(Data excerpts)
☆ ☆ ☆ ☆ ☆ ☆ ☆
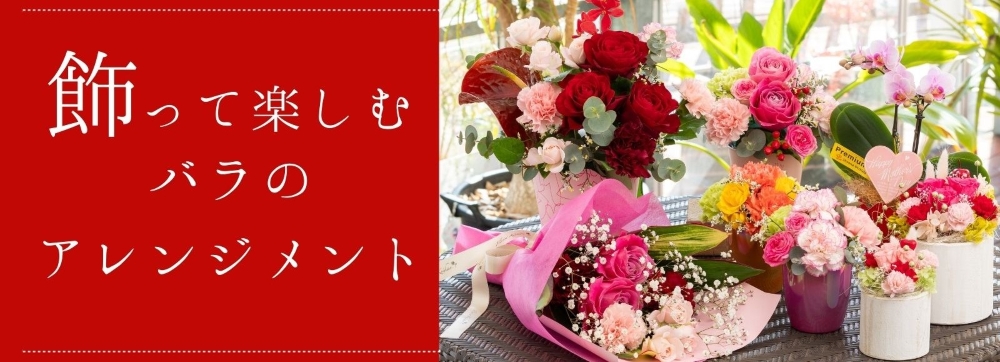 アレンジメントやブーケ、鉢花に加え、 オンラインショップ限定の本格的なバラの鉢植えギフトもご用意。
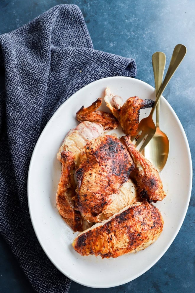 Make sure that you do not overcook the chicken! Once the chicken reaches about 163˚F internally, remove it and let it rest for at least 10 minutes. This will not only allow the chicken to come to temperature, it also helps give the juices time to redistribute. That’s why you should also wait to slice the chicken – it really does help keep it nice and moist!
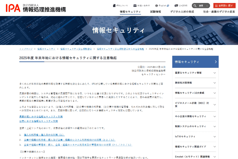 IPA、年末年始を迎える企業・組織に「ネットワーク貫通型攻撃」への対策を呼び掛け
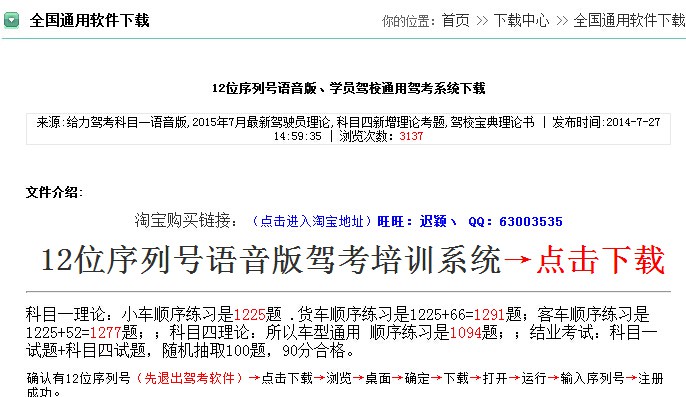 根据光盘上边的学员版序列号或驾校版序列号,确定您下载哪个文件,点击下载点击进入,点击地址1.2.3都可以进行下载
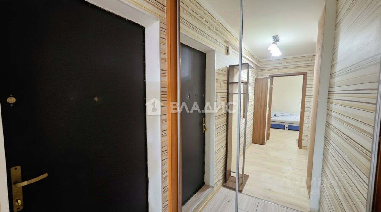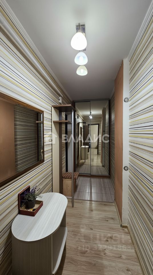 Общая площадь квартиры составляет 32 кв. м, жилая площадь — 13,9 кв. м, площадь кухни — 6,1 кв. м. Окна выходят во двор за домом.
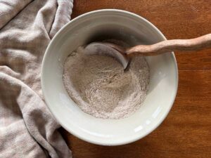- In a large bowl, combine the fresh milled flour, cornstarch, salt, baking powder, cinnamon and nutmeg.
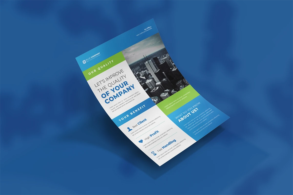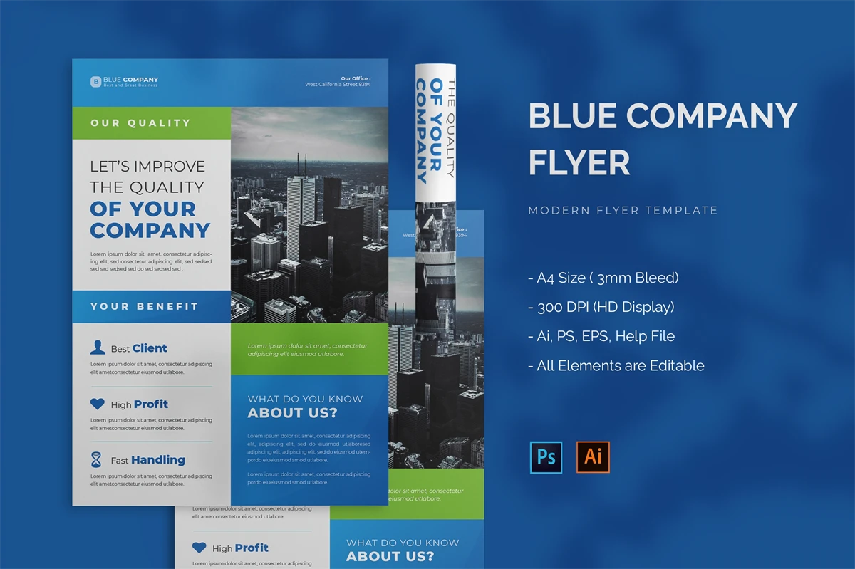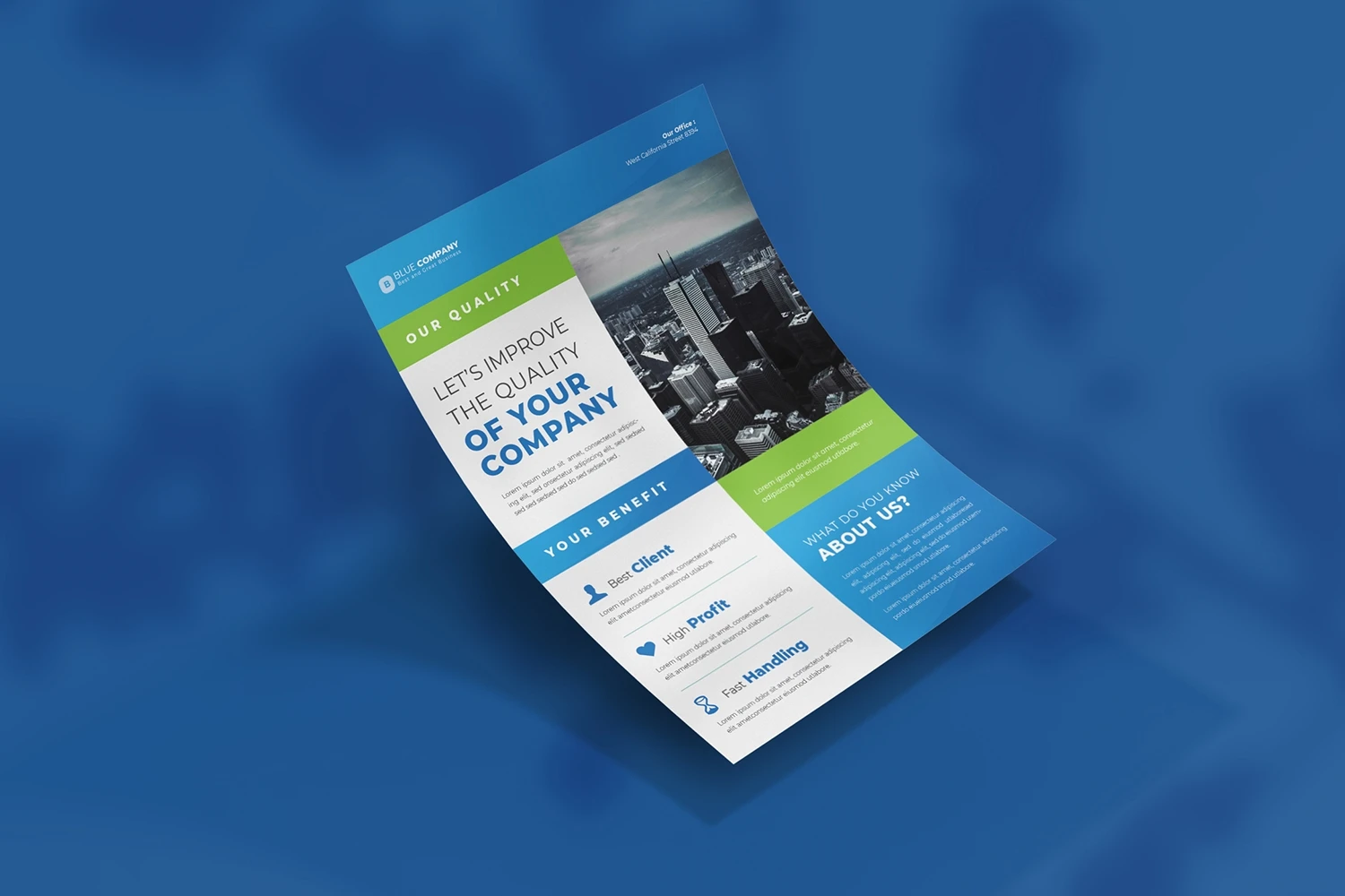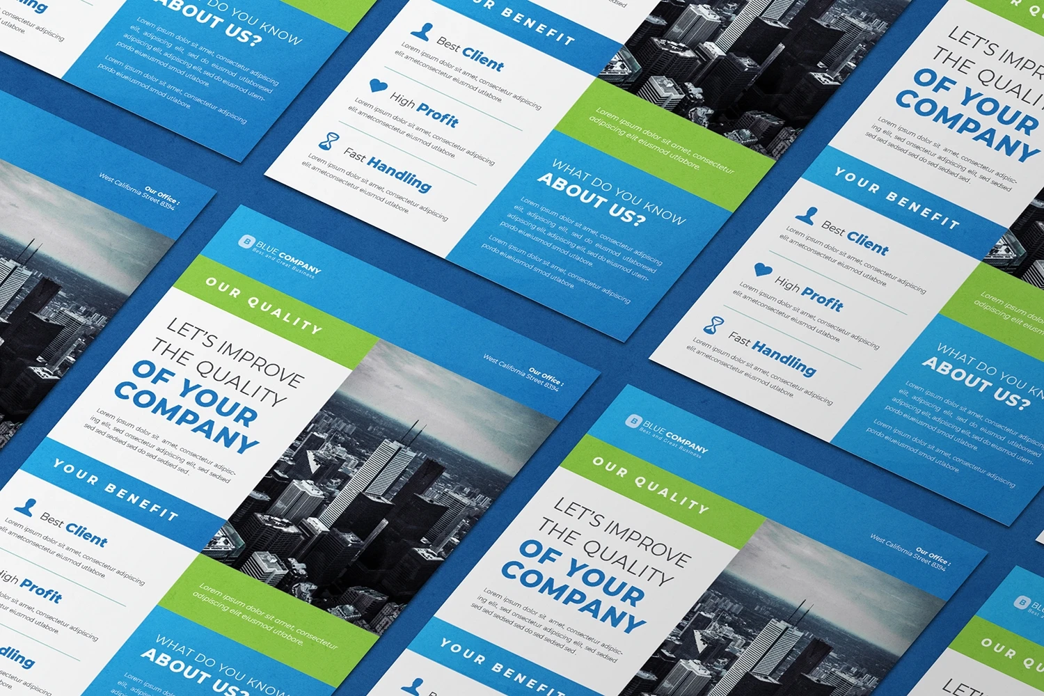 Blue Company - Flyer. This Flyer template is designed for your company's business needs. very clean and elegant, and also easily edited and adjusted to your liking
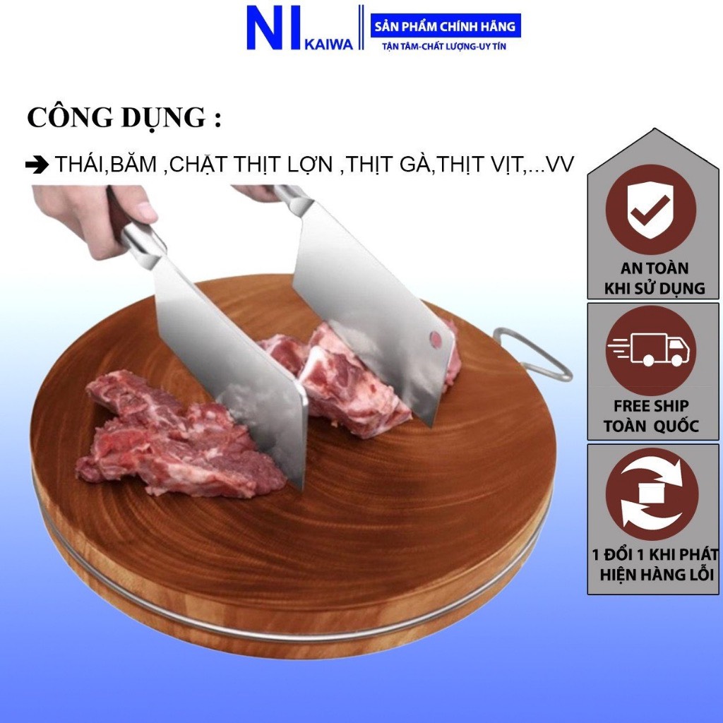 Thớt gỗ nghiến có đai inox kháng khuẩn Nikaiwa
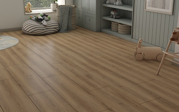 Толщина ламелей – 10мм. Пол получается прочным, устойчивым к весовым нагрузкам. Ламинат не прогибается под ножками тяжелой мебели, на нем не появляется вмятин и трещин от падения предметов.
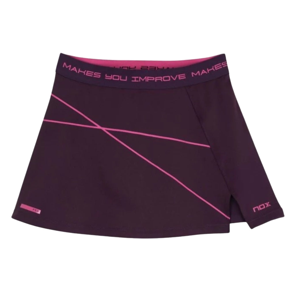 Diseñada para ofrecer comodidad y estilo en cada partido, la falda de pádel NOX para mujer destaca por su color morado con detalles en contraste que le dan un toque moderno y funcional.
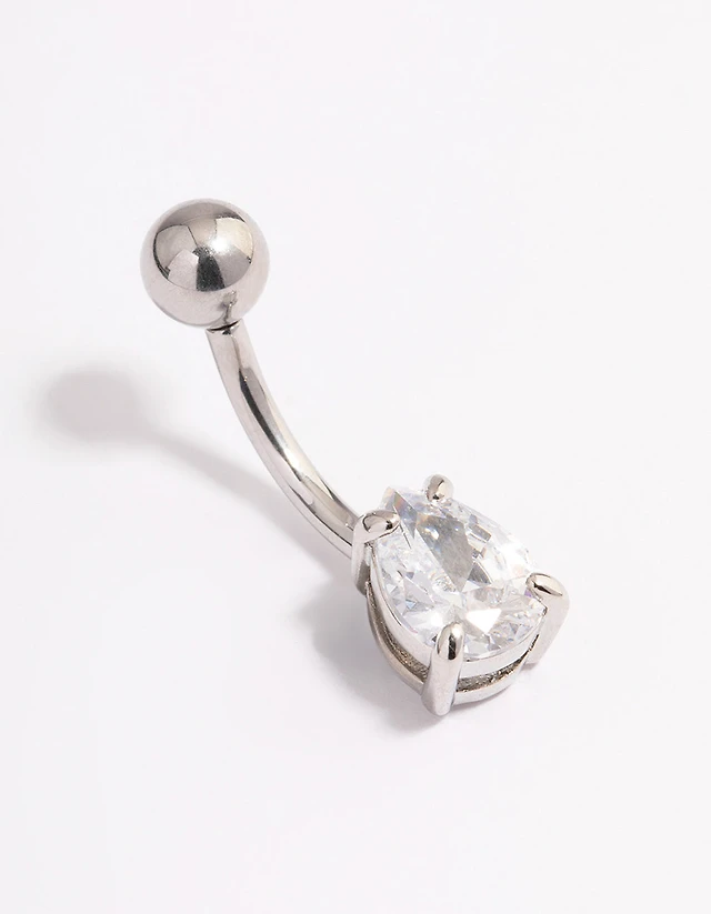 Titanium Cubic Zirconia Teardrop Dangle Belly Piercing
☆ ☆ ☆ ☆ ☆ ☆ ☆
→ About this task:
A verbatim copy of the records is needed, with all images omitted.

→ Solution for this task:
 アレンジメントやブーケ、鉢花に加え、 オンラインショップ限定の本格的なバラの鉢植えギフトもご用意。
 Make sure that you do not overcook the chicken! Once the chicken reaches about 163˚F internally, remove it and let it rest for at least 10 minutes. This will not only allow the chicken to come to temperature, it also helps give the juices time to redistribute. That’s why you should also wait to slice the chicken – it really does help keep it nice and moist!
 IPA、年末年始を迎える企業・組織に「ネットワーク貫通型攻撃」への対策を呼び掛け
 根据光盘上边的学员版序列号或驾校版序列号,确定您下载哪个文件,点击下载点击进入,点击地址1.2.3都可以进行下载
 Общая площадь квартиры составляет 32 кв. м, жилая площадь — 13,9 кв. м, площадь кухни — 6,1 кв. м. Окна выходят во двор за домом.
- In a large bowl, combine the fresh milled flour, cornstarch, salt, baking powder, cinnamon and nutmeg.
 Blue Company - Flyer. This Flyer template is designed for your company's business needs. very clean and elegant, and also easily edited and adjusted to your liking
 Thớt gỗ nghiến có đai inox kháng khuẩn Nikaiwa
 Толщина ламелей – 10мм. Пол получается прочным, устойчивым к весовым нагрузкам. Ламинат не прогибается под ножками тяжелой мебели, на нем не появляется вмятин и трещин от падения предметов.
 Diseñada para ofrecer comodidad y estilo en cada partido, la falda de pádel NOX para mujer destaca por su color morado con detalles en contraste que le dan un toque moderno y funcional.
 Titanium Cubic Zirconia Teardrop Dangle Belly Piercing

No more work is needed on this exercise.